Hay una calle que es como cualquier otra, una que conozco bien y que también me conoce bien. La he caminado tantas veces que sé cuantos son los pasos exactos que hay entre ella y la siguiente; lo que me demoro en atravesarla según sea el apuro, el lugar hacia donde voy, lo que debo hacer, en fin. En ella se repiten una tras otra casas pareadas, antiguas pero no tanto y que, según cuentan los vecinos, fue en principio una calle que le pertenecía al obispado (por eso, ahora entiendo, el barrio en el que está se llama “Seminario”). Al día de hoy esas casas forman un mosaico algo vintage que le dan un aire pequeño burgués. También hay una inmensa mansión estilo Art decó de principios del siglo XX que resalta por su arquitectura tan típica a la vez que impredecible. Altillos largos, ventanas sobresalientes, enormes y redondas. Es verde. Un poco más allá hay un zapatero y más acá una modista.

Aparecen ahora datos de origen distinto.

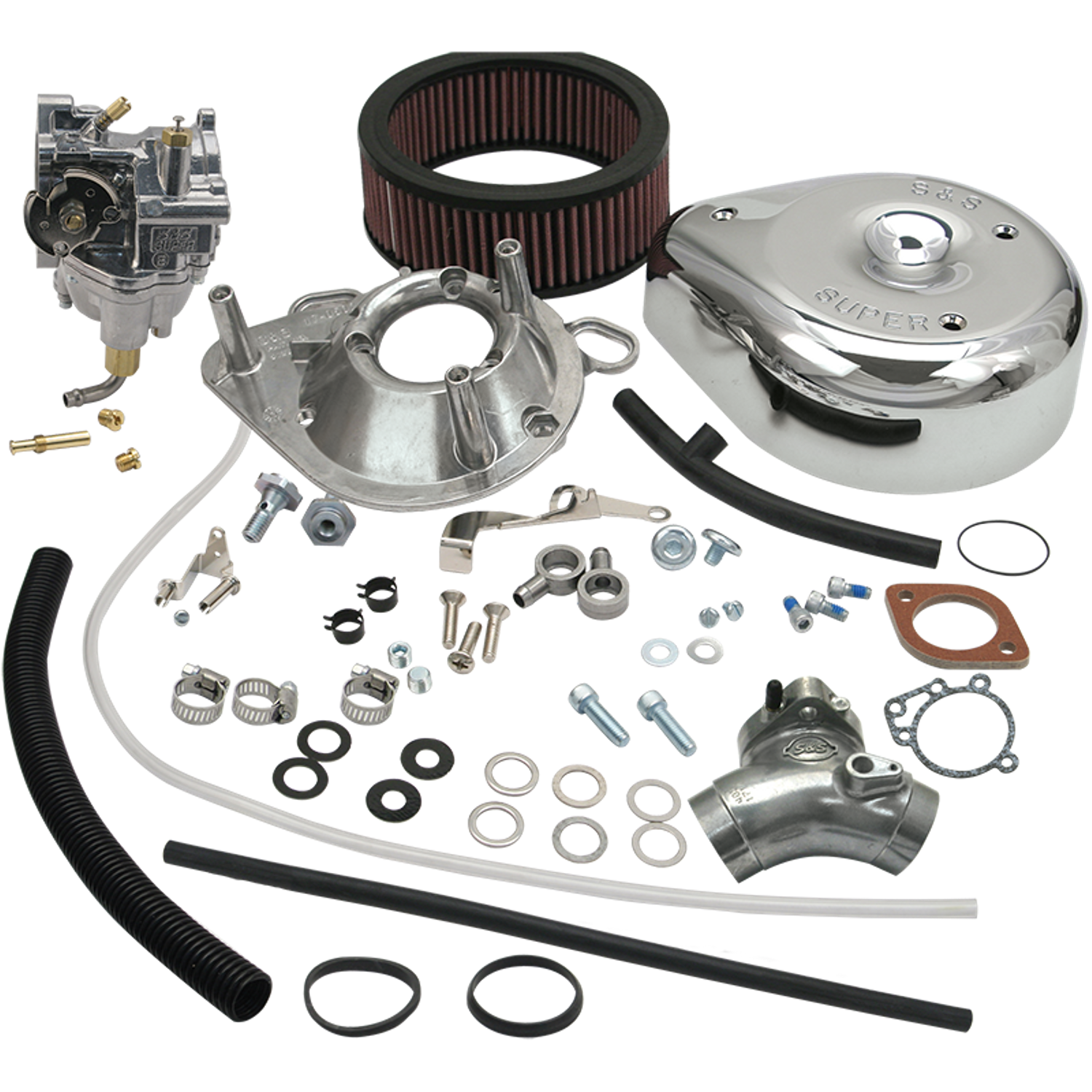 Sistemi alimentazione per kit da 95″ A scelta con carburatore Super E o sistema iniezione singolo S&S EFI o variabile S&S VFI. Se usato un kit VFI su modelli 1999-2005 è raccomandato l’uso di senzore a circuito chiuso. In addizione al filtro aria a goccia, offriamo sistema ad induzione per migliorare entrata aria e performance. Kit carburatore con filtro aria “Teardrop”, Kit carburatore Super E, 1999-2005

Los habitantes son de todo tipo, ancianos, parejas jóvenes, hombres solos, adolescentes, profesionales diversos, estudiantes de Institutos Técnicos Profesionales, gente rara. Hay narcos igual, por cierto (es una calle, no un convento). Además, tiene la particularidad de que está al lado de la cárcel de la ciudad, lo que la hace parir con el estruendo de los balazos en la noche, gritos desaforados de los presos en el día, bocinas que indican que alguien se escapó. Cuando eso pasa siempre salgo de mi casa a la calle a ver si tengo la suerte de ver al fugado en acción con la esperanza de decirle algo pero dudo que se detenga para hablar conmigo, aunque no sepa que yo también estoy en fuga.

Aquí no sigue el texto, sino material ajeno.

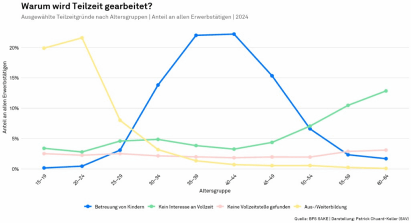 «Interessant wird es danach», schreibt der Arbeitgeberverband, «ab etwa 50 Jahren steigt der Anteil jener, die angeben, kein Interesse an einer Vollzeitstelle zu haben, und deswegen Teilzeit arbeiten. Sie könnten mehr arbeiten, wollen aber nicht.» Der Arbeitgeberverband stützt sich dabei auf Zahlen aus der Schweizerischen Arbeitskräfteerhebung.

Esta es una calle como cualquier otra. Aquí se han librado batallas, independencias completas; hay quienes se suicidan y mujeres que abortan en secreto. Es una calle como cualquier otra en donde unos dominan y otros se someten. Casi siempre, de noche, veo llegar al motel negro que está justo en la mitad, autos lujosos de los que se bajan mujeres muy bien vestidas al lado de hombres con un cuchillo en los dientes. Trabajo de madrugada y trato de no perderme el espectáculo. Me escondo tras la cortina.
Esta calle es como cualquier otra y claro, ha habido femicidios y asesinatos. Hace poco una vecina me contaba que un hombre golpeó a su mujer con palo de leña en la cabeza y la mató. Yo no le creí, estuve mal, pero después salió en el diario de la ciudad y era cierto, el muy cabrón le partió el cráneo acabando con ella al instante. Pasó solo a 100 metros de mi casa y yo no lo creí a mi vecina que es una noble mujer de 70 años pero sí a un periódico sensacionalista. Soy un hijo de mi época… y de puta.
Esta es una calle como cualquier otra, la gente bebe, se droga, hace el amor, juega a las cartas y se pasa películas pensando que es la única calle del mundo, las más linda cuando es la peor de las perras.
Al final es una calle como cualquiera, una que no es mía, que nunca lo fue y que por más que me la sepa de memoria y conozca su música y sus trampas, no tengo nada que ver con ella. Más bien la desprecio; me trae malos recuerdos de cuando fui feliz y hoy, aquí, como el caracol en la navaja, debo y estoy obligado a cruzarla para ir a cualquier parte. Es una repetición maldita, una dirección que no puedo evitar, no hay zigzagueo posible. Es como el destino, esta jodida calle. Calle de la desesperación y la soledad; de malos amores y sucios traficantes.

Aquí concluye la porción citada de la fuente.